- **About this exercise**: Please restate each entry that appears below word for word, without its pictures.

- **Exercise input**:

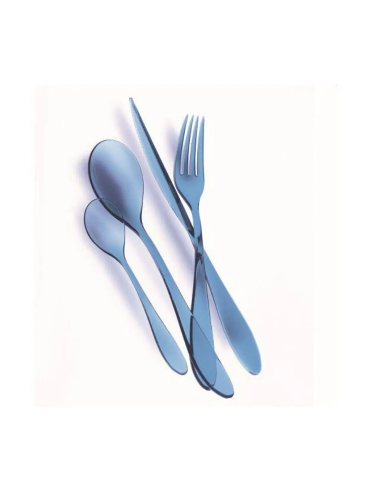 Policarbonato-aterinsetti sisältää 6 ruokahaarukkaa, 6 ruokaveistä, 6 ruokalusikkaa ja 6 kahvilusikkaa.Tuotenumero761874 VäriSAPHIR
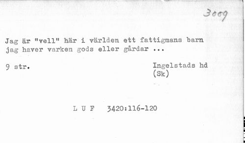 //// Jag är f,vellft här i världen ett fattigmans barn jag haver varken gods eller gårdar ... //// 9 str. Ingelstads hd //// (Sk) //// L D F 3420:116-120 //// I ////
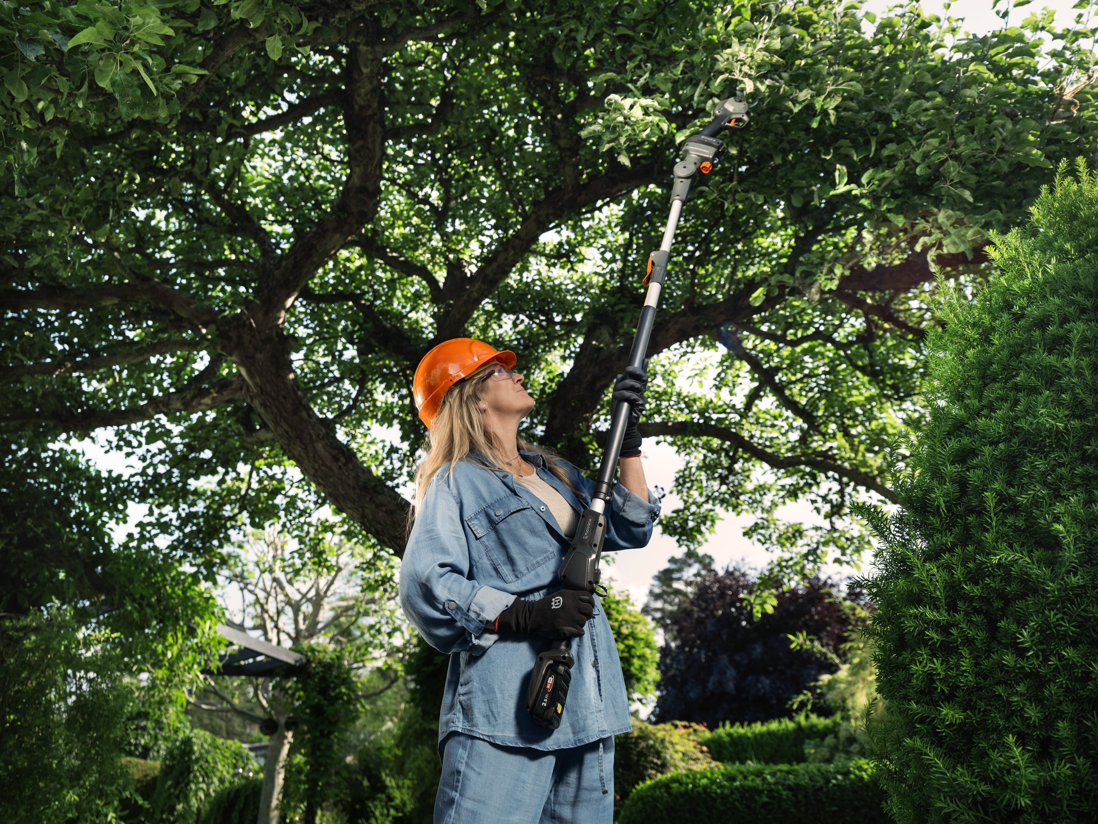 Husqvarna Aspire™ PS30X är en kompakt men högpresterande batteridriven sekatör som är gjord för exakt och effektiv beskärning i trädgården. Oavsett om den används i handhållet utförande eller kopplas till Aspire™-teleskopskaft för längre räckvidd erbjuder den, den kontroll, komfort och kraft som behövs för beskärningsuppgifterna. Skärbladet följer alltid gasreglaget och ger perfekt kontrollerade snitt. Den tåliga borstlösa motorn är utformad för långsiktig prestanda och ger hög effektivitet och mindre underhåll jämfört med motorer med borstar. Med den inbyggda snabbguiden ger produkten tydlig information om de viktigaste funktionerna. Du får även enkel, effektiv användning och en tydlig översikt över batteristatus via det intuitiva digitala gränssnittet. Förvaringen är enkel med den medföljande kroken och 18 V POWER FOR ALL ALLIANCE-batterisystem ger både flexibilitet och mindre förvaringsbehov eftersom ett batteri kan användas för flera olika verktyg och trädgårdsvarumärken.
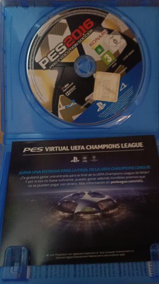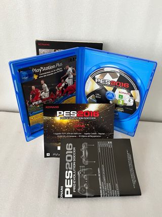 Videojuego Pro Evolution Soccer 2016 para PlayStation 4, edición limitada. - Incluye funda con caratula del juego para la caja. - Incluye manual original de instrucciones y contenido extra. ( No se si estara escaneado )
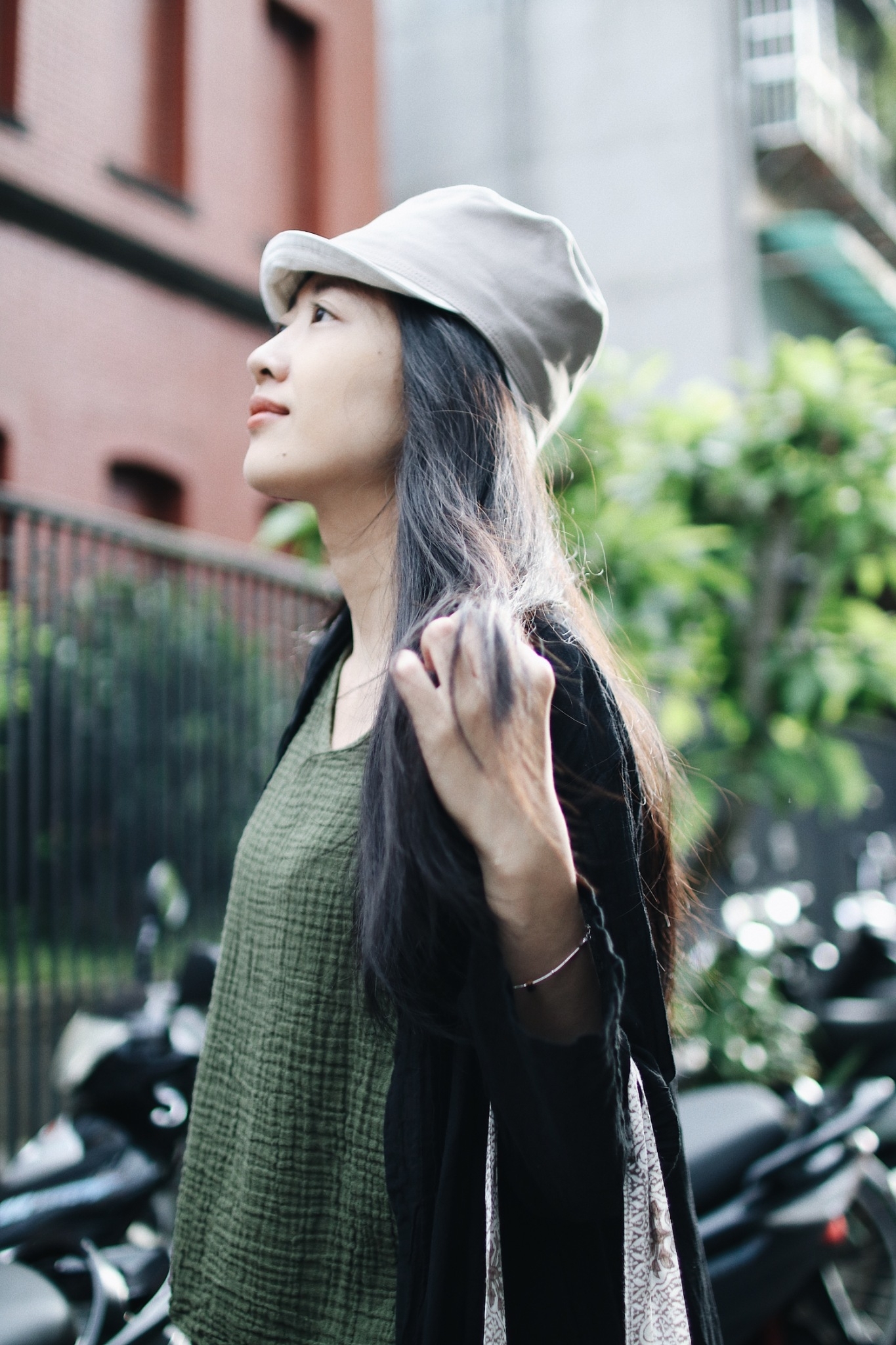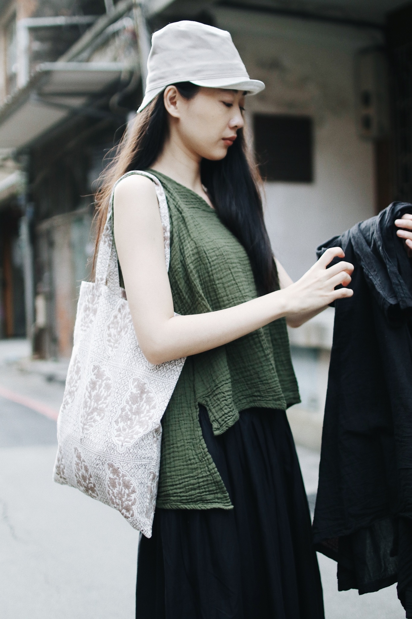 在大面積的黑色基調中內搭軍綠色的背心上衣,並以淺米白的帽子與提袋作為點綴。

- **Problem solution**:
 Policarbonato-aterinsetti sisältää 6 ruokahaarukkaa, 6 ruokaveistä, 6 ruokalusikkaa ja 6 kahvilusikkaa.Tuotenumero761874 VäriSAPHIR
 //// Jag är f,vellft här i världen ett fattigmans barn jag haver varken gods eller gårdar ... //// 9 str. Ingelstads hd //// (Sk) //// L D F 3420:116-120 //// I ////
 Husqvarna Aspire™ PS30X är en kompakt men högpresterande batteridriven sekatör som är gjord för exakt och effektiv beskärning i trädgården. Oavsett om den används i handhållet utförande eller kopplas till Aspire™-teleskopskaft för längre räckvidd erbjuder den, den kontroll, komfort och kraft som behövs för beskärningsuppgifterna. Skärbladet följer alltid gasreglaget och ger perfekt kontrollerade snitt. Den tåliga borstlösa motorn är utformad för långsiktig prestanda och ger hög effektivitet och mindre underhåll jämfört med motorer med borstar. Med den inbyggda snabbguiden ger produkten tydlig information om de viktigaste funktionerna. Du får även enkel, effektiv användning och en tydlig översikt över batteristatus via det intuitiva digitala gränssnittet. Förvaringen är enkel med den medföljande kroken och 18 V POWER FOR ALL ALLIANCE-batterisystem ger både flexibilitet och mindre förvaringsbehov eftersom ett batteri kan användas för flera olika verktyg och trädgårdsvarumärken.
 Videojuego Pro Evolution Soccer 2016 para PlayStation 4, edición limitada. - Incluye funda con caratula del juego para la caja. - Incluye manual original de instrucciones y contenido extra. ( No se si estara escaneado )
 在大面積的黑色基調中內搭軍綠色的背心上衣,並以淺米白的帽子與提袋作為點綴。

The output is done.